By Wayne Laepple
HUNTINGDON -- Pennsylvania Game Commission officers using a specially trained search dog to track down ballistics casings cracked an investigation that led to the arrest of a Sunbury man on deer poaching charges.
Game officials said an unidentified landowner and his son were on their property attempting to videotape a hunt when they heard two nearby shots. Approaching the area of the shots, they observed a person dragging an antlered deer from a harvested cornfield.

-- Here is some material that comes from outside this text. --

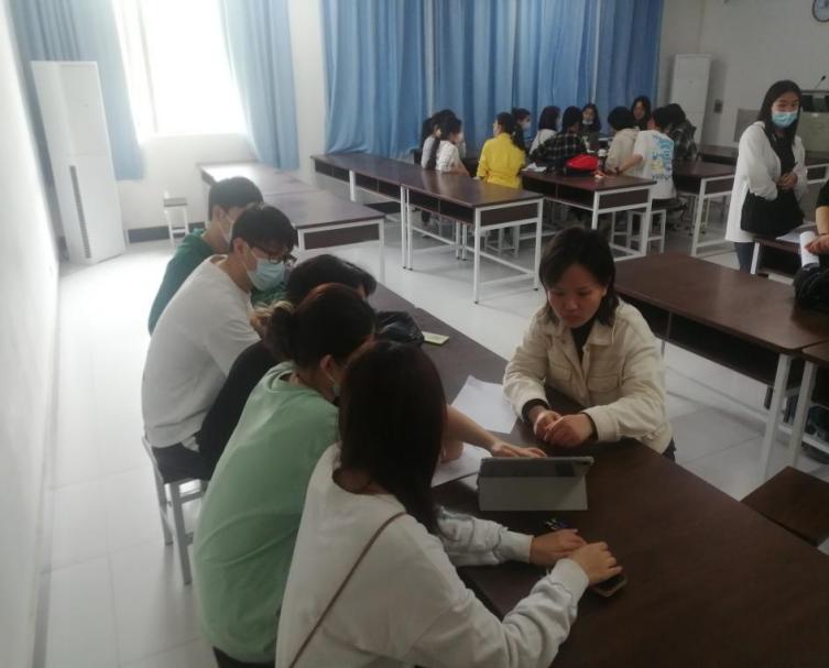 本次检查共分为四组,每组有四名教师参与检查与指导,学生以线上和线下形式分批汇报,汇报中要求学生对自己论文框架,创新点提出问题进行阐述。汇报小组首先对学生在写作过程中提到的问题作出回答,在针对所汇报的内容有针对性的分析和指导。线下汇报结束后,线上学生由于疫情和工作原因采用腾讯会议集中进行汇报,并作了详细的回答和指导。
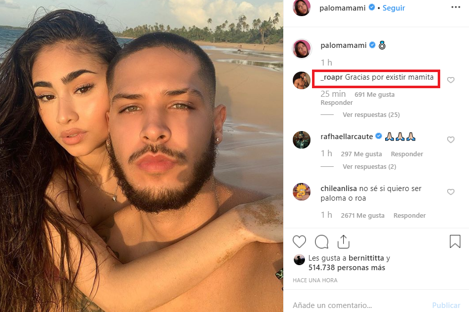 En poco tiempo la publicación se llenó de comentarios y reacciones ya que no se sabía si estaban comprometidos o era otra cosa. Además, Roa le comentó: «Gracias por existir mamita».

Game commission officers said Marshall Scholl, 30, of Sunbury, gave a false name to the landowner and, when asked for identification, ran away, abandoning the deer.
"Despite a long search with no results, we felt sure that the violator's spent shell casings were lying somewhere near where the buck was killed," Snyder County Wildlife Conservation Officer Harold Malehorn said in a statement released by the Game Commission. "That was important to solving this case."

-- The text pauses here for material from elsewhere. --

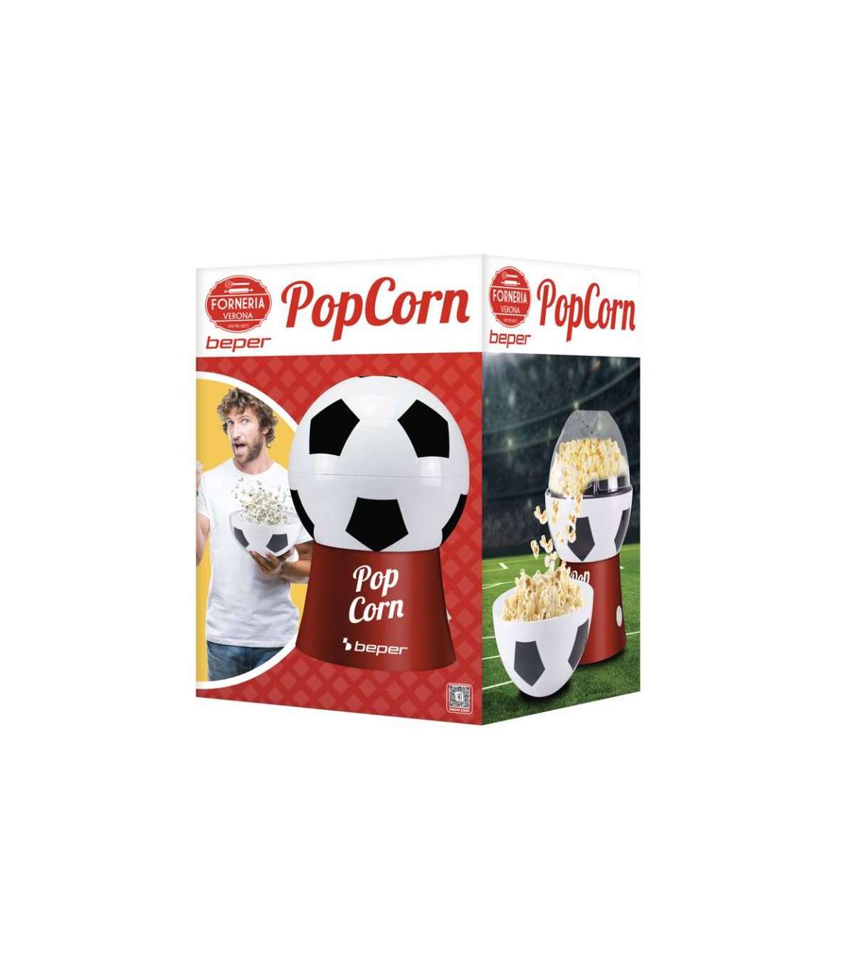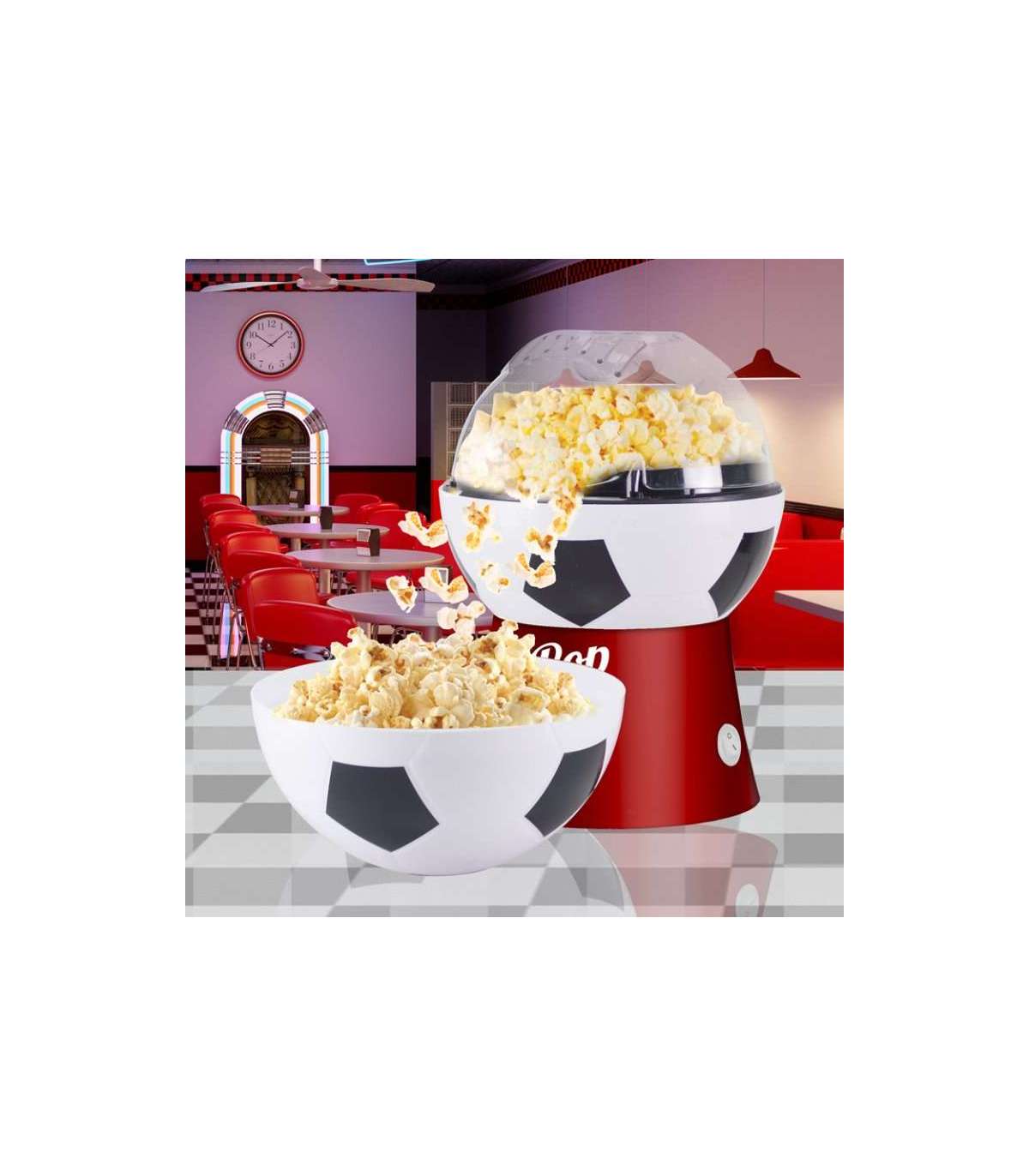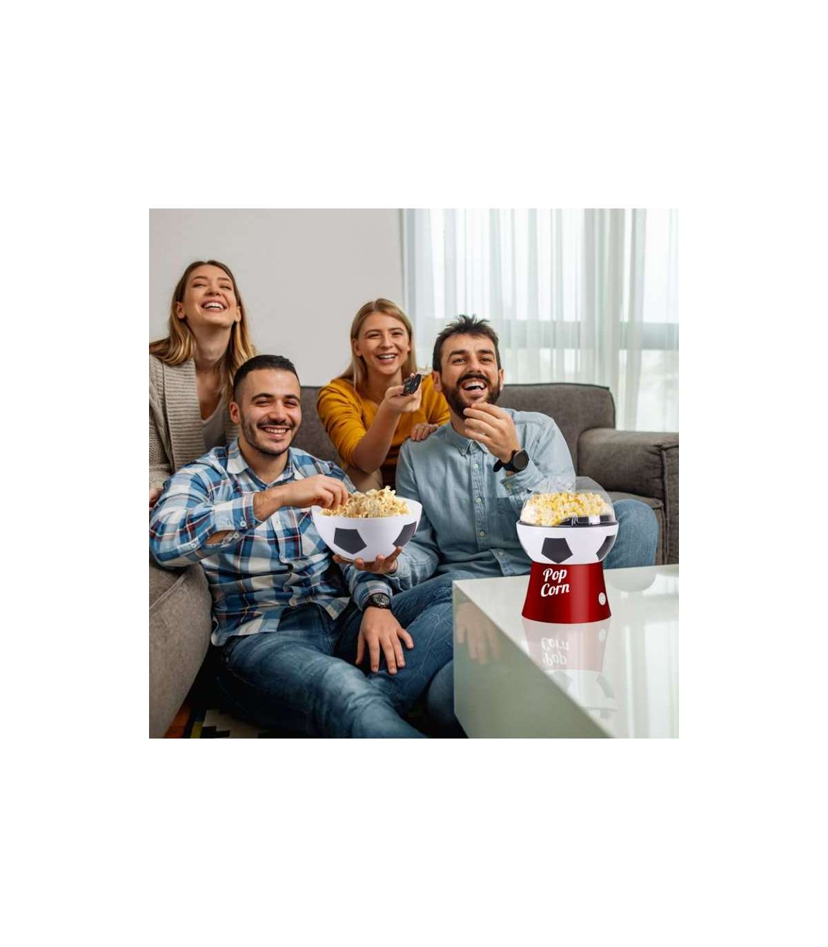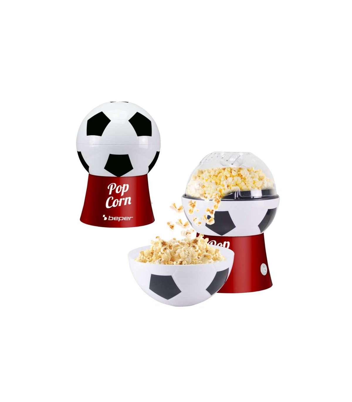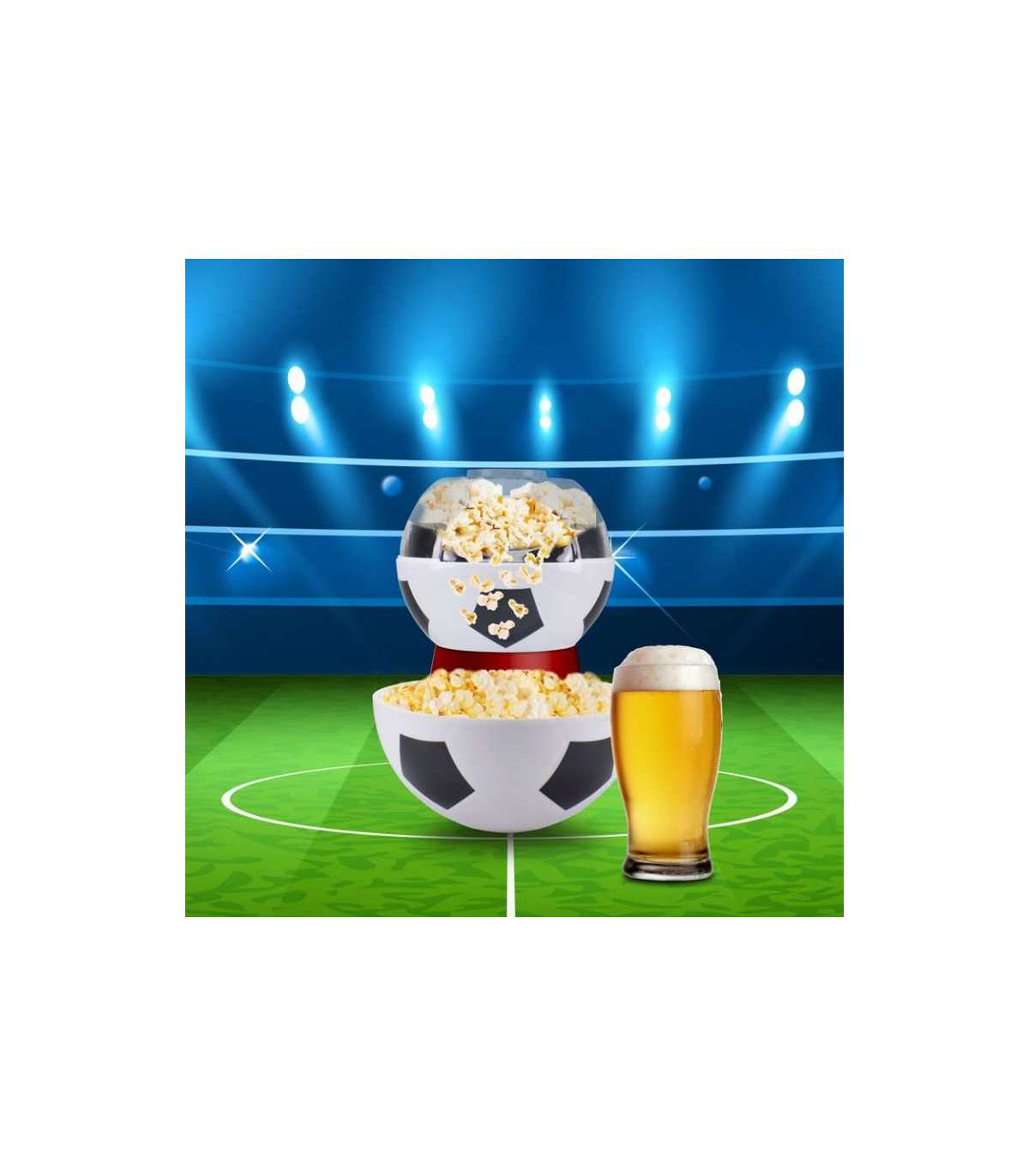 Ideaalne nii jalgpallifännidele kui ka teistele fännidele, see kasutab kuuma õhu tsirkulatsiooni, et valmistada maitsvat popkorni vähem kui 3 minutiga, ilma rasva lisamata.

Malehorn requested the assistance of Onyx, a female Labrador retriever specially trained by the Game Commission to locate evidence related to wildlife-related crimes and to retrieve hidden evidence.

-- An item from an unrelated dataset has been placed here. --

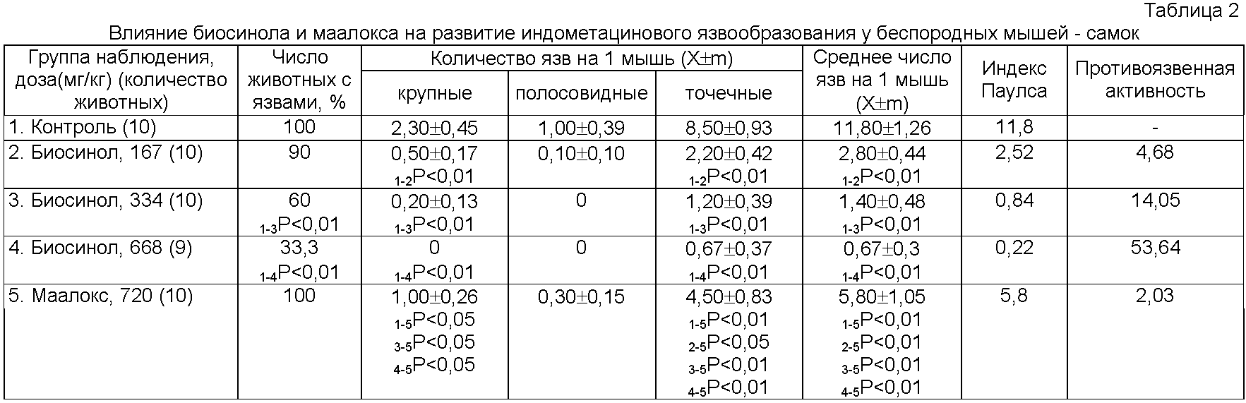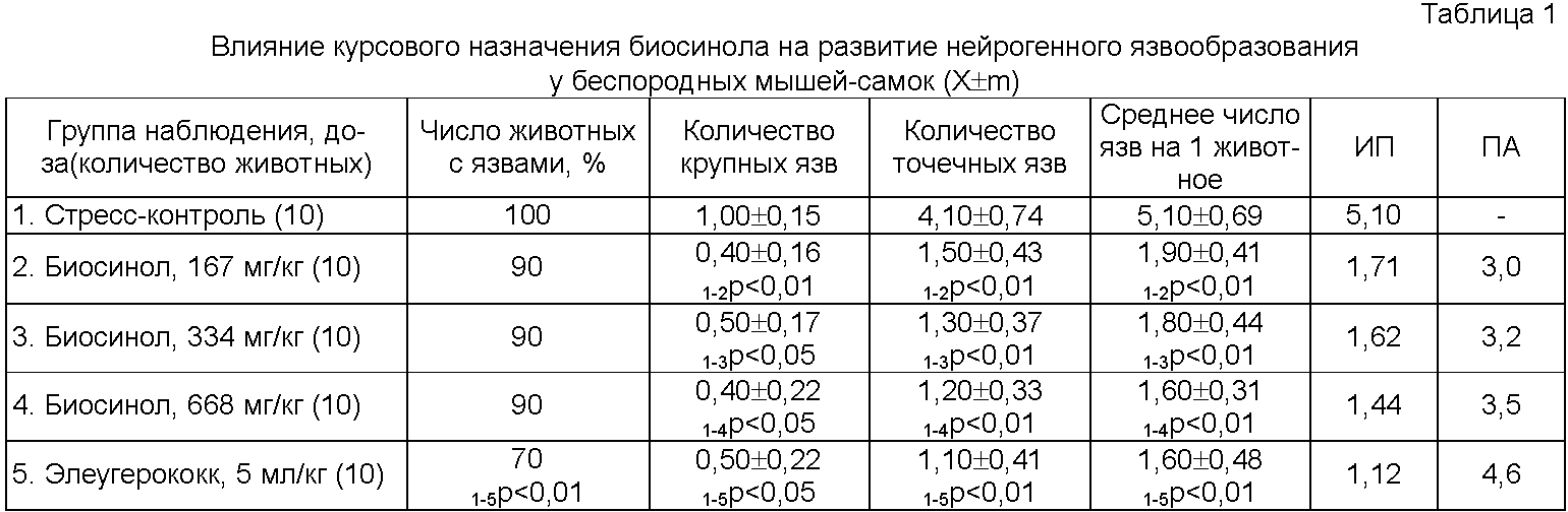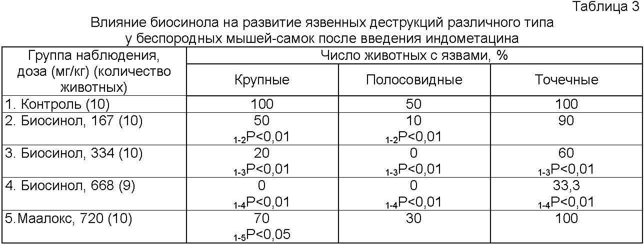 Изобретение относится к медицине, конкретно к фармакологии, и касается комплексного средства, повышающего защитную функцию слизистого барьера и устойчивость слизистой оболочки к действию повреждающих факторов, таких как стрессорное воздействие и применение нестероидных противовоспалительных средств. Существует многообразие этиопатогенетических факторов, обусловливающих ульцерогенные процессы, при этом нет доказательств приоритетного значения какого-либо из них в развитии язвенной болезни. Так, в настоящее время считается доказанным фактом значимая роль стресса в качестве «пускового механизма» и фактора хронизации ульцерогенеза. С другой стороны, ульцерогенное действие нестероидных противовоспалительных средств, применяемых по жизненным показаниям в рамках кардиальной и противоревматической терапии, определяет актуальность разработки профилактических и лечебных гастроэнтерологических мероприятий. Кроме того, существующие схемы стандартной терапии язвенной болезни желудка и двенадцатиперстной кишки сопровождаются побочными эффектами, в том числе и атрофическими изменениями слизистой оболочки желудка, и не всегда предотвращают развитие хронических вариантов течения заболевания. Все вышесказанное обусловливает целесообразность поиска и разработки лекарственных препаратов, способных повышать резистентность клеток гастродуоденальной слизистой к ульцерогенным факторам и регенеративную способность слизистой оболочки желудка и кишечника. Создание лекарственных средств с таким комплексным фармакологическим действием является насущным и перспективным направлением для отечественной фармацевтической промышленности. Наиболее близким (прототипом) является лекарственное средство – мизопростол, который является синтетическим производным простагландинов1 и относится к группе гастропротекторов, повышающих защитную функцию слизистого барьера и устойчивость слизистой оболочки к действию повреждающих факторов. Мизопростол является эффективным при энтеральном введении, особенно показан для профилактики язвенного поражения слизистой оболочки желудка при применении нестероидных противовоспалительных средств. По эффективности при остром развитии язвы желудка заметно уступает блокаторам гистаминовых Н-рецепторов, часто вызывает диарею. Поставленная задача достигается использованием в качестве гастропротекторного средства биологически активной добавки к пище «Биосинол», содержащей Диэнай С (кислота дезоксирибонуклеиновая 20 мг/1 г., крахмал картофельный, микрокристаллическая целлюлоза, полиэтиленоксид, натрия хлорид) 350 мг, экстракт коры осины 150 мг. Новым в предлагаемом изобретении является то, что биологически активная добавка к пище «Биосинол» (свидетельство о государственной регистрации Применение биологически активной добавки к пище «Биосинол» в качестве гастропротекторного средства в литературе не описано. Эти новые свойства «Биосинола» явным образом не вытекают из уровня техники и неочевидны для специалиста. Биосинол может применяться в качестве гастропротекторного средства для профилактики ятрогенного поражения слизистой желудка при длительном использовании нестероидных противовоспалительных средств, для предотвращения развития стрессорных язв слизистой желудка

Within five minutes of exiting the vehicle, Onyx had found two recently fired .270-caliber casings lying under some vegetation, game officials said.
Given a description of the vehicle, officers were reportedly supplied Scholl's name from several citizens. Malehorn charged Scholl with unlawful taking or killing of wildlife, trespass on private land while hunting, giving a false name and refusing to show identification to a landowner and improper retrieval and disposition of killed or wounded game.